BEGIN DATA TO USE

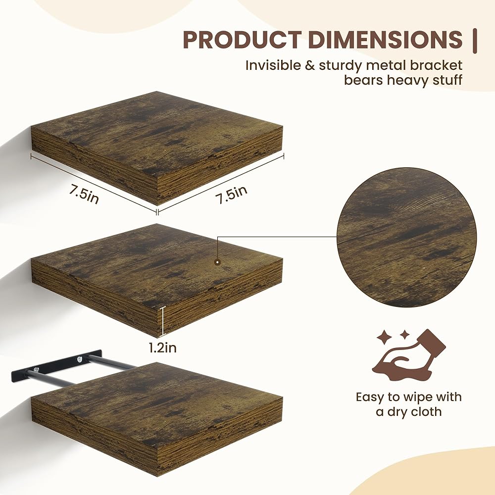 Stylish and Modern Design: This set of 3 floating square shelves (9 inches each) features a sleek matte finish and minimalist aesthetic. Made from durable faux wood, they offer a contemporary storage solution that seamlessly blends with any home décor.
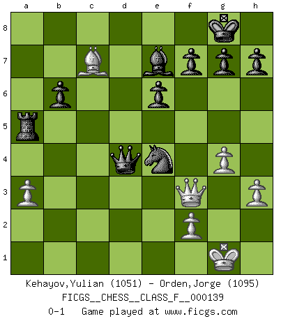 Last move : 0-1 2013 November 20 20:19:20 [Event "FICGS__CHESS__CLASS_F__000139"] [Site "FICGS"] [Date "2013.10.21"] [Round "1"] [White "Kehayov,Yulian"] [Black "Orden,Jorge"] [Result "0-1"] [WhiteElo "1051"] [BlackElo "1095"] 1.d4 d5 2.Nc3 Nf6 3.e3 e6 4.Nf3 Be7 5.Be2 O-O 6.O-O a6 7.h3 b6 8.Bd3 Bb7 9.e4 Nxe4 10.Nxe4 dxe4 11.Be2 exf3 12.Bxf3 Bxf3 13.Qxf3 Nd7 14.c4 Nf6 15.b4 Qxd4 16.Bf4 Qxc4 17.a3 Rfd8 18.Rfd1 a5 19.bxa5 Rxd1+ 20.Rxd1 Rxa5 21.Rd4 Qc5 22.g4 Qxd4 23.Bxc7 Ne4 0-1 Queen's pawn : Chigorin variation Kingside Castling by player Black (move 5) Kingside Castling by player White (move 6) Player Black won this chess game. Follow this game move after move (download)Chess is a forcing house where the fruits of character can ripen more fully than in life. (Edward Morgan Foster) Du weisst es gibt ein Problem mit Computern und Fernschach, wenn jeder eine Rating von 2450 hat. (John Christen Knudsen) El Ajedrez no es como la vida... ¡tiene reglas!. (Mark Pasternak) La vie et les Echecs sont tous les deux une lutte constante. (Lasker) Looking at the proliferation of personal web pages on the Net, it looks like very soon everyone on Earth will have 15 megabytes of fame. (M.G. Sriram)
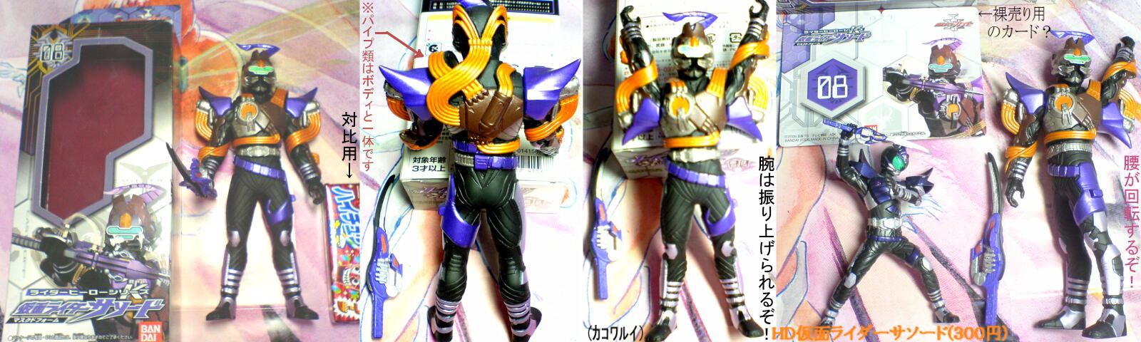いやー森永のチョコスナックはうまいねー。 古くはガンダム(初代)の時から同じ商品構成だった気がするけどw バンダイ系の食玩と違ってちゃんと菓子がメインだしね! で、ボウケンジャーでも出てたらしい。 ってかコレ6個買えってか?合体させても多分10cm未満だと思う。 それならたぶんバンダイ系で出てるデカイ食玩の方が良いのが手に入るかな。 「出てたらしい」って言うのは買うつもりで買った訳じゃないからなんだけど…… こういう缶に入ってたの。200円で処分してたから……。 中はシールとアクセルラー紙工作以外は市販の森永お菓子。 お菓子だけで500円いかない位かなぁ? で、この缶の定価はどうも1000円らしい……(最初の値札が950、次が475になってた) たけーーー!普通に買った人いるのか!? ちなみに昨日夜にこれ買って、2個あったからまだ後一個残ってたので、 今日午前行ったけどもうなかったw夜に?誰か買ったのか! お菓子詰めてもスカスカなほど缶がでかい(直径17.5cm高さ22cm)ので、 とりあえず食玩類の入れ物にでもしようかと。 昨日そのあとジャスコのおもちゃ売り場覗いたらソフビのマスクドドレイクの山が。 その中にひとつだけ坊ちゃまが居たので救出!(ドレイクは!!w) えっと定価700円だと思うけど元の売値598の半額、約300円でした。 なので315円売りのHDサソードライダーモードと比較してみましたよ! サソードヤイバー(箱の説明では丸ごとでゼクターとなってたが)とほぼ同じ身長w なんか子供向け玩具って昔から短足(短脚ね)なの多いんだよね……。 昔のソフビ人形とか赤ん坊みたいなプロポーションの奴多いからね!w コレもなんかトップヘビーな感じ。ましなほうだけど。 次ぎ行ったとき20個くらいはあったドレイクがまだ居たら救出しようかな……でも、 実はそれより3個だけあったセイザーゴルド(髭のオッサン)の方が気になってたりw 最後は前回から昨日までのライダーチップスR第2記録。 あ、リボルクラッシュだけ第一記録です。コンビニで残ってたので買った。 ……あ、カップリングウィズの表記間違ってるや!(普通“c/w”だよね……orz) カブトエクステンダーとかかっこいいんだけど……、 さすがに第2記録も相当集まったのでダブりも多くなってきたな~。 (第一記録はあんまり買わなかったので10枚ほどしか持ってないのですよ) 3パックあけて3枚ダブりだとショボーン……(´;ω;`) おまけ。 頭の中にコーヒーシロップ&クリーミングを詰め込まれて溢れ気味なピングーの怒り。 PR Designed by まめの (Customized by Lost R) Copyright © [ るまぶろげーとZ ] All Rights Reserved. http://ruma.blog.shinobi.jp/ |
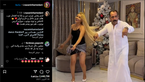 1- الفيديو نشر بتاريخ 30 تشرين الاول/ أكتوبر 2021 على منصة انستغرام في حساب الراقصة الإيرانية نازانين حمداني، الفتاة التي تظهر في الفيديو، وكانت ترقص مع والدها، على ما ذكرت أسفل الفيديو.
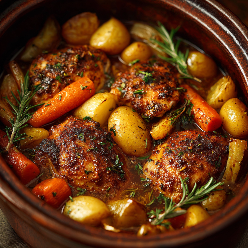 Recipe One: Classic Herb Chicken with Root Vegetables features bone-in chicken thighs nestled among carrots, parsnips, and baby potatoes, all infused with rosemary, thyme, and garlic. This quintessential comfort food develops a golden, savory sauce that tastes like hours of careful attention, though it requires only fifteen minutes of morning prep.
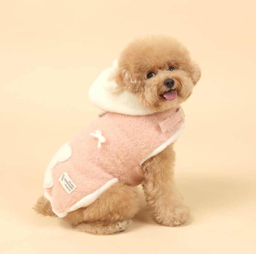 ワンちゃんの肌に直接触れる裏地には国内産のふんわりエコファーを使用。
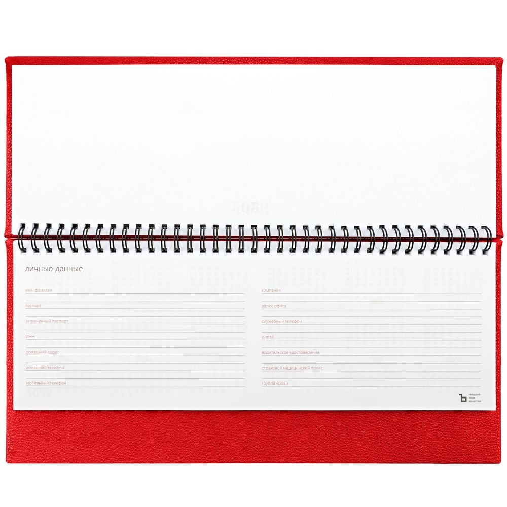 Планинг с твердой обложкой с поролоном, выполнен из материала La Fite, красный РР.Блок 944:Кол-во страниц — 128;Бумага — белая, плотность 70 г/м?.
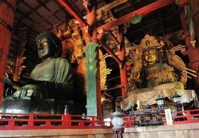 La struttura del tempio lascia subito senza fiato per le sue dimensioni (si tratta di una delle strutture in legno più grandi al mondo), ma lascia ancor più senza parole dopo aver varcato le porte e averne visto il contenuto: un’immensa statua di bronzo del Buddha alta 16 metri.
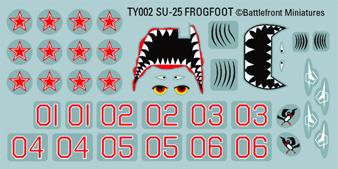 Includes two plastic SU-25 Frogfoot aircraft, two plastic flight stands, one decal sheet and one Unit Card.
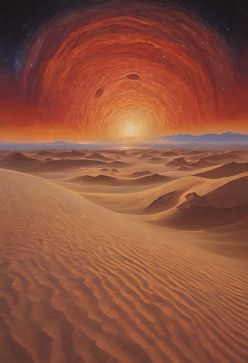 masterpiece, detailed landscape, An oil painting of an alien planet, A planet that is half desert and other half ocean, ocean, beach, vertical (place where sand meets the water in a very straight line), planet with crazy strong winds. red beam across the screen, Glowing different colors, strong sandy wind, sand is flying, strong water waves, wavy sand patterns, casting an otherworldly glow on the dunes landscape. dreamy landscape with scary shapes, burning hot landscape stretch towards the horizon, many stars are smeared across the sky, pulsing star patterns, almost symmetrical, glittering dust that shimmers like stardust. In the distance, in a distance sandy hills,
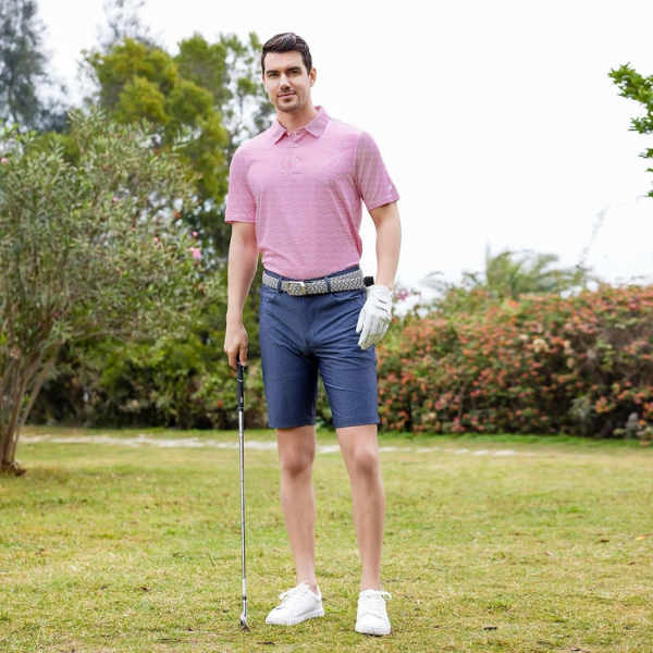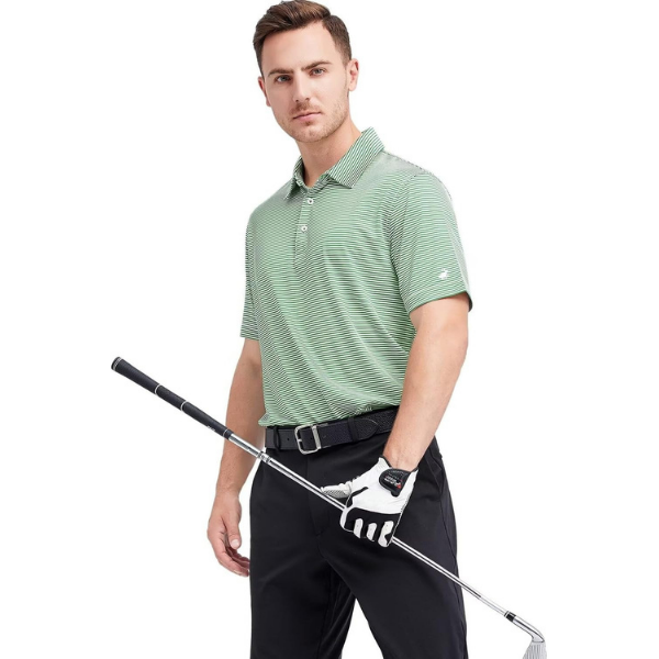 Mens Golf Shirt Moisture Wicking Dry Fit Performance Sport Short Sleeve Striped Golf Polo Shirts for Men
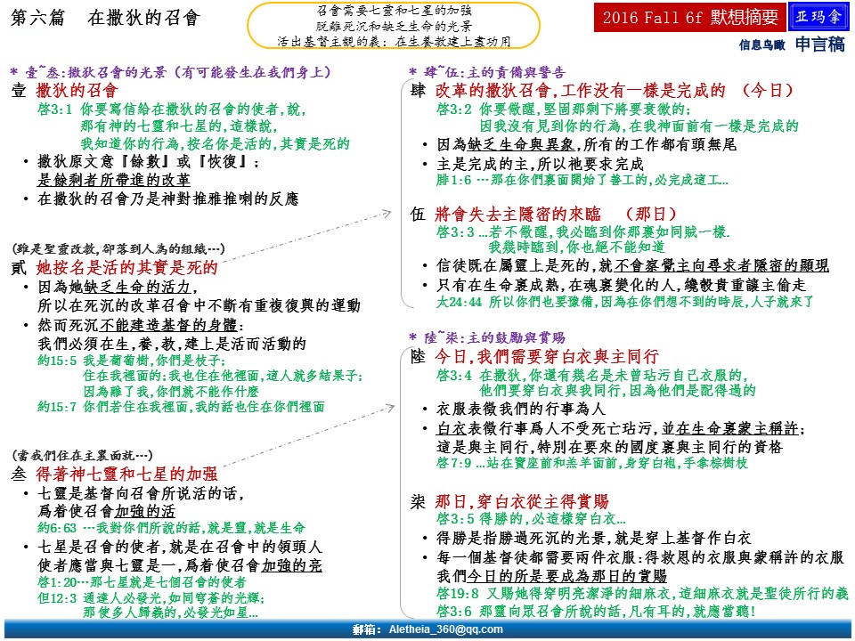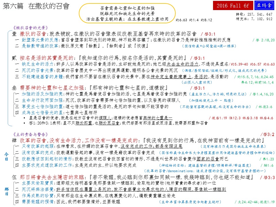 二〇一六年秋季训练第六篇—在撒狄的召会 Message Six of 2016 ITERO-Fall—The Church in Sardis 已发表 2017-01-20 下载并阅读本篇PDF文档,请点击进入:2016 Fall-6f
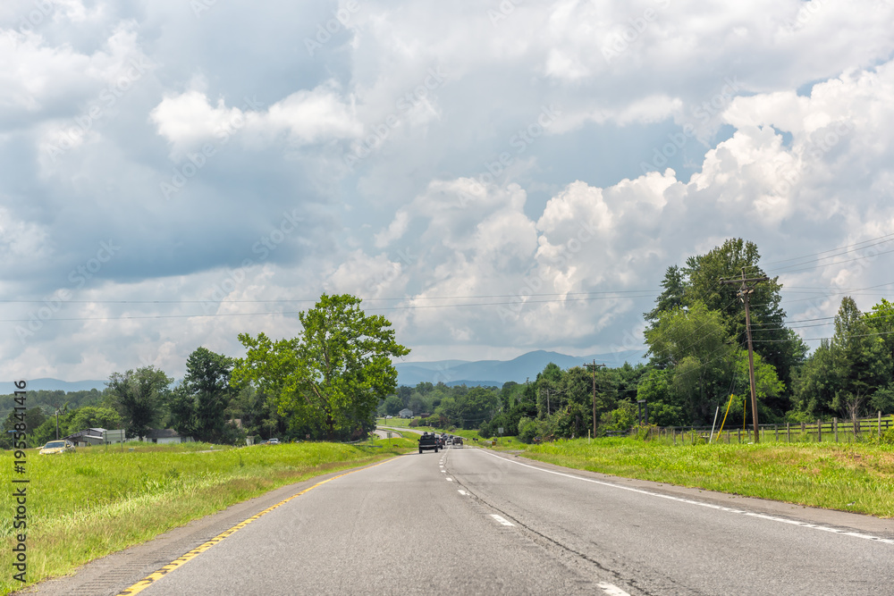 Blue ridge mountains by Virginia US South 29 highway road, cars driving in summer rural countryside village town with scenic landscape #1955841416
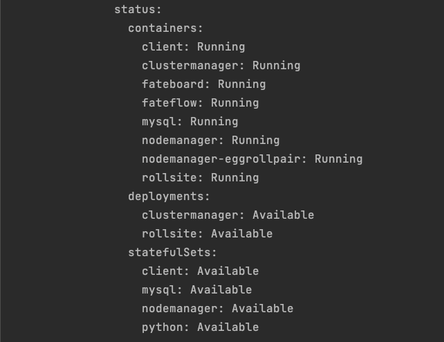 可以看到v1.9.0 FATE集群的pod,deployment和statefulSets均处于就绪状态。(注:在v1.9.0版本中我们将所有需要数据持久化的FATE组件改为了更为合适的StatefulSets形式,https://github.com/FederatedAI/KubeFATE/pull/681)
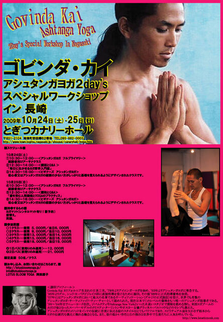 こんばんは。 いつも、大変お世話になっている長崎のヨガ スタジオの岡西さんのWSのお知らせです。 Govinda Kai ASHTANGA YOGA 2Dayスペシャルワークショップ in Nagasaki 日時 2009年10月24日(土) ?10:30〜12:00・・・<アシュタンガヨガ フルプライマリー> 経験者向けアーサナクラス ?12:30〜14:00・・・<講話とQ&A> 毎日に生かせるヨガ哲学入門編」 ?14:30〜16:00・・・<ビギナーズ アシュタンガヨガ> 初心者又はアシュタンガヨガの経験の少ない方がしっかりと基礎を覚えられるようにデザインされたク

END DATA TO USE

ACTIVITY => Here the job is to print the data above exactly, except for any pictures.

RESPONSE TO THIS TASK =>
 Stylish and Modern Design: This set of 3 floating square shelves (9 inches each) features a sleek matte finish and minimalist aesthetic. Made from durable faux wood, they offer a contemporary storage solution that seamlessly blends with any home décor.
 Last move : 0-1 2013 November 20 20:19:20 [Event "FICGS__CHESS__CLASS_F__000139"] [Site "FICGS"] [Date "2013.10.21"] [Round "1"] [White "Kehayov,Yulian"] [Black "Orden,Jorge"] [Result "0-1"] [WhiteElo "1051"] [BlackElo "1095"] 1.d4 d5 2.Nc3 Nf6 3.e3 e6 4.Nf3 Be7 5.Be2 O-O 6.O-O a6 7.h3 b6 8.Bd3 Bb7 9.e4 Nxe4 10.Nxe4 dxe4 11.Be2 exf3 12.Bxf3 Bxf3 13.Qxf3 Nd7 14.c4 Nf6 15.b4 Qxd4 16.Bf4 Qxc4 17.a3 Rfd8 18.Rfd1 a5 19.bxa5 Rxd1+ 20.Rxd1 Rxa5 21.Rd4 Qc5 22.g4 Qxd4 23.Bxc7 Ne4 0-1 Queen's pawn : Chigorin variation Kingside Castling by player Black (move 5) Kingside Castling by player White (move 6) Player Black won this chess game. Follow this game move after move (download)Chess is a forcing house where the fruits of character can ripen more fully than in life. (Edward Morgan Foster) Du weisst es gibt ein Problem mit Computern und Fernschach, wenn jeder eine Rating von 2450 hat. (John Christen Knudsen) El Ajedrez no es como la vida... ¡tiene reglas!. (Mark Pasternak) La vie et les Echecs sont tous les deux une lutte constante. (Lasker) Looking at the proliferation of personal web pages on the Net, it looks like very soon everyone on Earth will have 15 megabytes of fame. (M.G. Sriram)
いやー森永のチョコスナックはうまいねー。 古くはガンダム(初代)の時から同じ商品構成だった気がするけどw バンダイ系の食玩と違ってちゃんと菓子がメインだしね! で、ボウケンジャーでも出てたらしい。 ってかコレ6個買えってか?合体させても多分10cm未満だと思う。 それならたぶんバンダイ系で出てるデカイ食玩の方が良いのが手に入るかな。 「出てたらしい」って言うのは買うつもりで買った訳じゃないからなんだけど…… こういう缶に入ってたの。200円で処分してたから……。 中はシールとアクセルラー紙工作以外は市販の森永お菓子。 お菓子だけで500円いかない位かなぁ? で、この缶の定価はどうも1000円らしい……(最初の値札が950、次が475になってた) たけーーー!普通に買った人いるのか!? ちなみに昨日夜にこれ買って、2個あったからまだ後一個残ってたので、 今日午前行ったけどもうなかったw夜に?誰か買ったのか! お菓子詰めてもスカスカなほど缶がでかい(直径17.5cm高さ22cm)ので、 とりあえず食玩類の入れ物にでもしようかと。 昨日そのあとジャスコのおもちゃ売り場覗いたらソフビのマスクドドレイクの山が。 その中にひとつだけ坊ちゃまが居たので救出!(ドレイクは!!w) えっと定価700円だと思うけど元の売値598の半額、約300円でした。 なので315円売りのHDサソードライダーモードと比較してみましたよ! サソードヤイバー(箱の説明では丸ごとでゼクターとなってたが)とほぼ同じ身長w なんか子供向け玩具って昔から短足(短脚ね)なの多いんだよね……。 昔のソフビ人形とか赤ん坊みたいなプロポーションの奴多いからね!w コレもなんかトップヘビーな感じ。ましなほうだけど。 次ぎ行ったとき20個くらいはあったドレイクがまだ居たら救出しようかな……でも、 実はそれより3個だけあったセイザーゴルド(髭のオッサン)の方が気になってたりw 最後は前回から昨日までのライダーチップスR第2記録。 あ、リボルクラッシュだけ第一記録です。コンビニで残ってたので買った。 ……あ、カップリングウィズの表記間違ってるや!(普通“c/w”だよね……orz) カブトエクステンダーとかかっこいいんだけど……、 さすがに第2記録も相当集まったのでダブりも多くなってきたな~。 (第一記録はあんまり買わなかったので10枚ほどしか持ってないのですよ) 3パックあけて3枚ダブりだとショボーン……(´;ω;`) おまけ。 頭の中にコーヒーシロップ&クリーミングを詰め込まれて溢れ気味なピングーの怒り。 PR Designed by まめの (Customized by Lost R) Copyright © [ るまぶろげーとZ ] All Rights Reserved. http://ruma.blog.shinobi.jp/ |
 1- الفيديو نشر بتاريخ 30 تشرين الاول/ أكتوبر 2021 على منصة انستغرام في حساب الراقصة الإيرانية نازانين حمداني، الفتاة التي تظهر في الفيديو، وكانت ترقص مع والدها، على ما ذكرت أسفل الفيديو.
 Recipe One: Classic Herb Chicken with Root Vegetables features bone-in chicken thighs nestled among carrots, parsnips, and baby potatoes, all infused with rosemary, thyme, and garlic. This quintessential comfort food develops a golden, savory sauce that tastes like hours of careful attention, though it requires only fifteen minutes of morning prep.
 ワンちゃんの肌に直接触れる裏地には国内産のふんわりエコファーを使用。
 Планинг с твердой обложкой с поролоном, выполнен из материала La Fite, красный РР.Блок 944:Кол-во страниц — 128;Бумага — белая, плотность 70 г/м?.
 La struttura del tempio lascia subito senza fiato per le sue dimensioni (si tratta di una delle strutture in legno più grandi al mondo), ma lascia ancor più senza parole dopo aver varcato le porte e averne visto il contenuto: un’immensa statua di bronzo del Buddha alta 16 metri.
 Includes two plastic SU-25 Frogfoot aircraft, two plastic flight stands, one decal sheet and one Unit Card.
 masterpiece, detailed landscape, An oil painting of an alien planet, A planet that is half desert and other half ocean, ocean, beach, vertical (place where sand meets the water in a very straight line), planet with crazy strong winds. red beam across the screen, Glowing different colors, strong sandy wind, sand is flying, strong water waves, wavy sand patterns, casting an otherworldly glow on the dunes landscape. dreamy landscape with scary shapes, burning hot landscape stretch towards the horizon, many stars are smeared across the sky, pulsing star patterns, almost symmetrical, glittering dust that shimmers like stardust. In the distance, in a distance sandy hills,
 Mens Golf Shirt Moisture Wicking Dry Fit Performance Sport Short Sleeve Striped Golf Polo Shirts for Men
 二〇一六年秋季训练第六篇—在撒狄的召会 Message Six of 2016 ITERO-Fall—The Church in Sardis 已发表 2017-01-20 下载并阅读本篇PDF文档,请点击进入:2016 Fall-6f
 Blue ridge mountains by Virginia US South 29 highway road, cars driving in summer rural countryside village town with scenic landscape #1955841416
 可以看到v1.9.0 FATE集群的pod,deployment和statefulSets均处于就绪状态。(注:在v1.9.0版本中我们将所有需要数据持久化的FATE组件改为了更为合适的StatefulSets形式,https://github.com/FederatedAI/KubeFATE/pull/681)
 こんばんは。 いつも、大変お世話になっている長崎のヨガ スタジオの岡西さんのWSのお知らせです。 Govinda Kai ASHTANGA YOGA 2Dayスペシャルワークショップ in Nagasaki 日時 2009年10月24日(土) ?10:30〜12:00・・・<アシュタンガヨガ フルプライマリー> 経験者向けアーサナクラス ?12:30〜14:00・・・<講話とQ&A> 毎日に生かせるヨガ哲学入門編」 ?14:30〜16:00・・・<ビギナーズ アシュタンガヨガ> 初心者又はアシュタンガヨガの経験の少ない方がしっかりと基礎を覚えられるようにデザインされたク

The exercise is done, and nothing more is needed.